When you reach the line below that has "The Whisper Ottoman", start returning lines exactly, and stop after the line that has "Pantaloni a vita"; skip the pictures.

### Data for the task

-.-.-

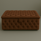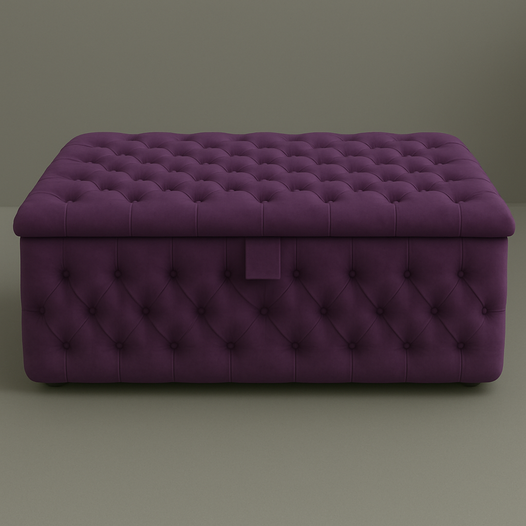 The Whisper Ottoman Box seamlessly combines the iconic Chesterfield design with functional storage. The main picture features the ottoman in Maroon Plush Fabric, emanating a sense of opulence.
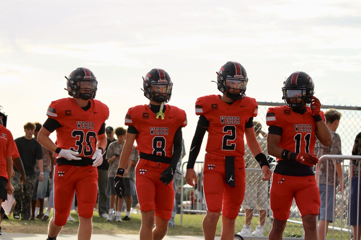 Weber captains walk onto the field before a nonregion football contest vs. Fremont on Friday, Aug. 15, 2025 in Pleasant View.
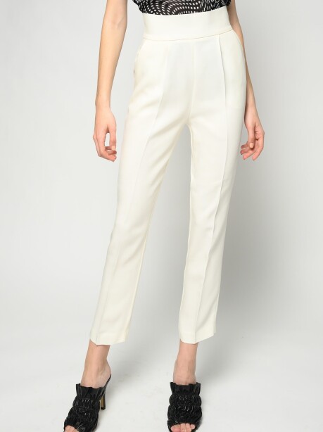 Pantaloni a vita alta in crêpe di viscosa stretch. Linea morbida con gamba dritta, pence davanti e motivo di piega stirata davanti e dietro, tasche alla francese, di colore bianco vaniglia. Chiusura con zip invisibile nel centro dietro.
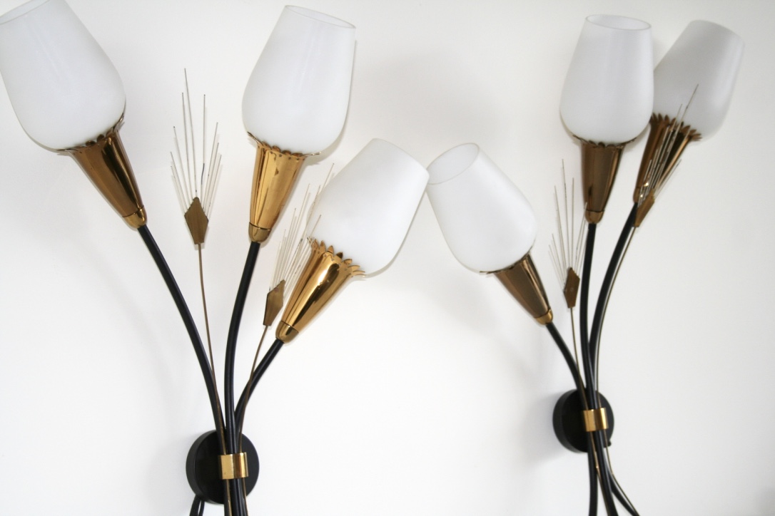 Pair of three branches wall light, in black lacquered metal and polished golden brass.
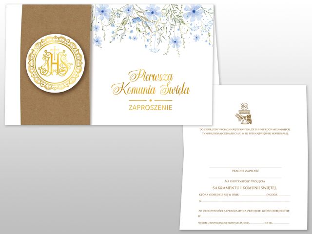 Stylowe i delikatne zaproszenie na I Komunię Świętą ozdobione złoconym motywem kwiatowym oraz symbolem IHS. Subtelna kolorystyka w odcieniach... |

-.-.-

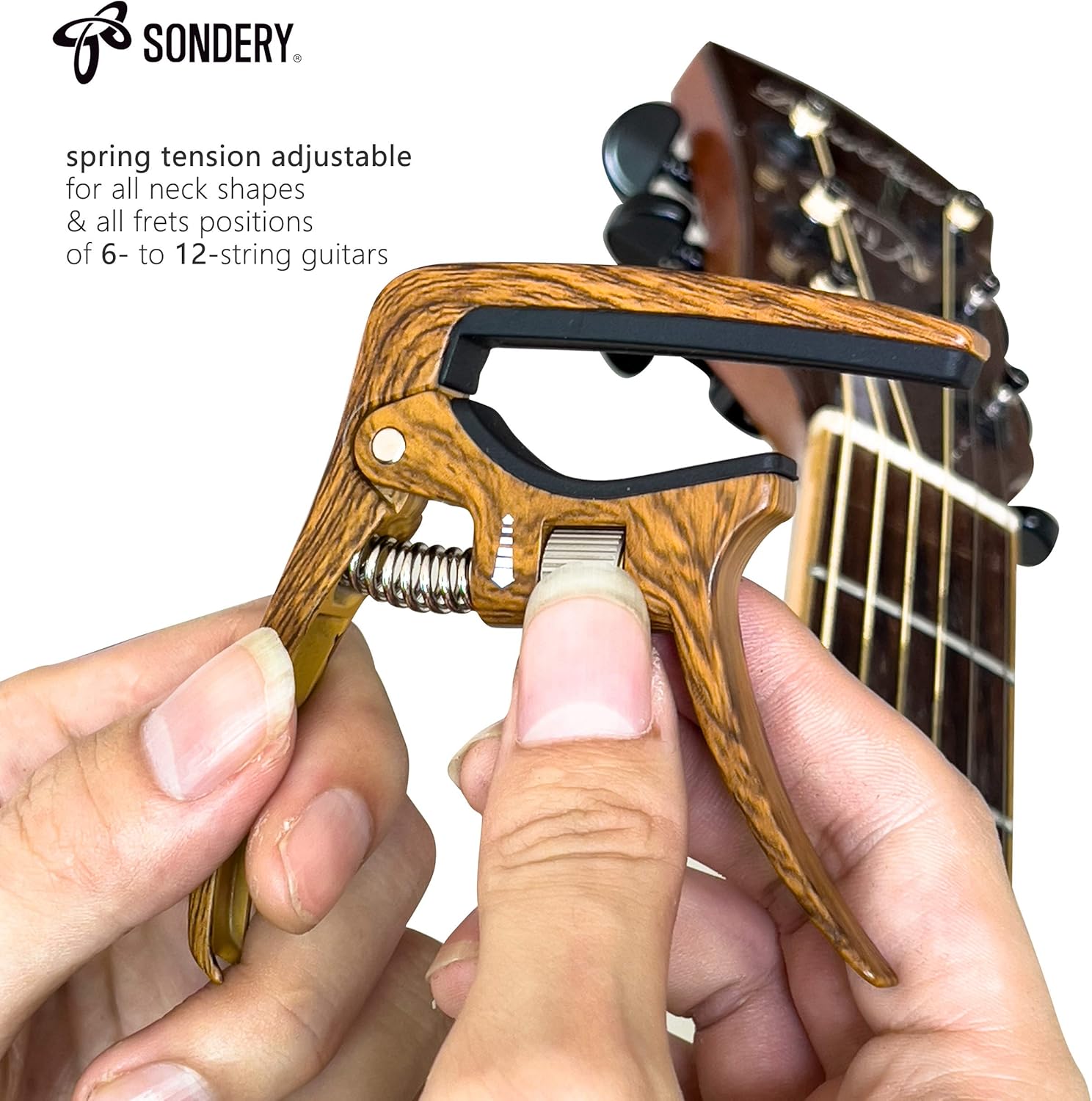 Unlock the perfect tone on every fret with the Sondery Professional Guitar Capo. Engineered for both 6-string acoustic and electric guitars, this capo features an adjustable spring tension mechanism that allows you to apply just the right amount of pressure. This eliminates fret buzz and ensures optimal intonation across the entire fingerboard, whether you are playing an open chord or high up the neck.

-.-.-

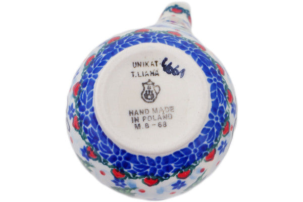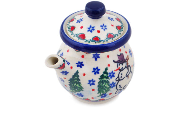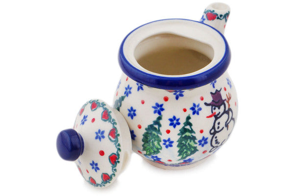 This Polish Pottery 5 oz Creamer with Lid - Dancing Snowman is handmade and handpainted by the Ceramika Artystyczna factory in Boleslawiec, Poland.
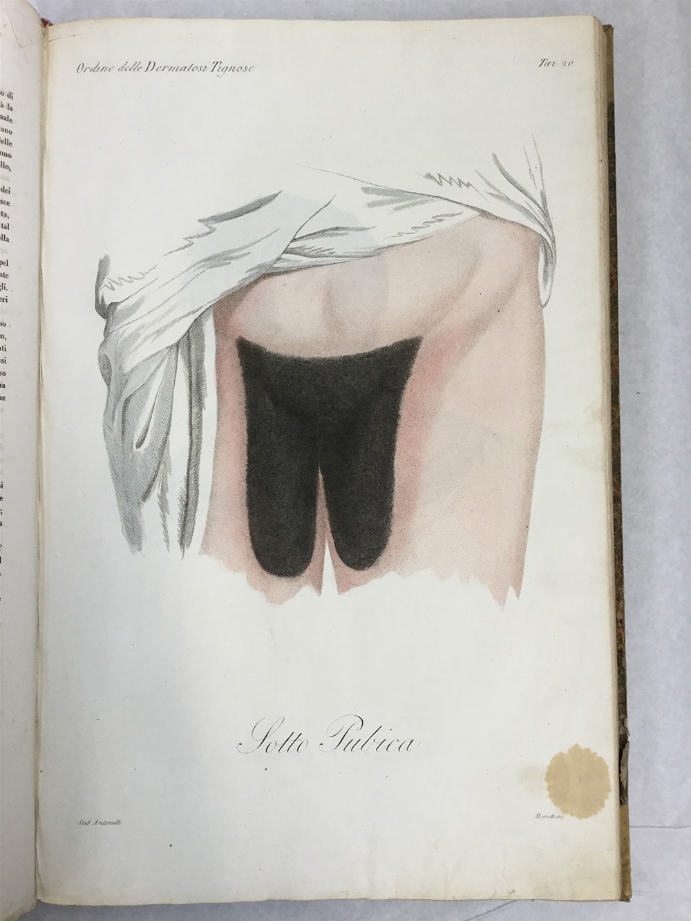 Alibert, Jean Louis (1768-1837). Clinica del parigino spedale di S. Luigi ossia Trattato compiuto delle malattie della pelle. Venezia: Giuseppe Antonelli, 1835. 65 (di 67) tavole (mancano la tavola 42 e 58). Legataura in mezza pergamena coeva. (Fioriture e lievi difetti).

-.-.-

### Task result
 The Whisper Ottoman Box seamlessly combines the iconic Chesterfield design with functional storage. The main picture features the ottoman in Maroon Plush Fabric, emanating a sense of opulence.
 Weber captains walk onto the field before a nonregion football contest vs. Fremont on Friday, Aug. 15, 2025 in Pleasant View.
 Pantaloni a vita alta in crêpe di viscosa stretch. Linea morbida con gamba dritta, pence davanti e motivo di piega stirata davanti e dietro, tasche alla francese, di colore bianco vaniglia. Chiusura con zip invisibile nel centro dietro.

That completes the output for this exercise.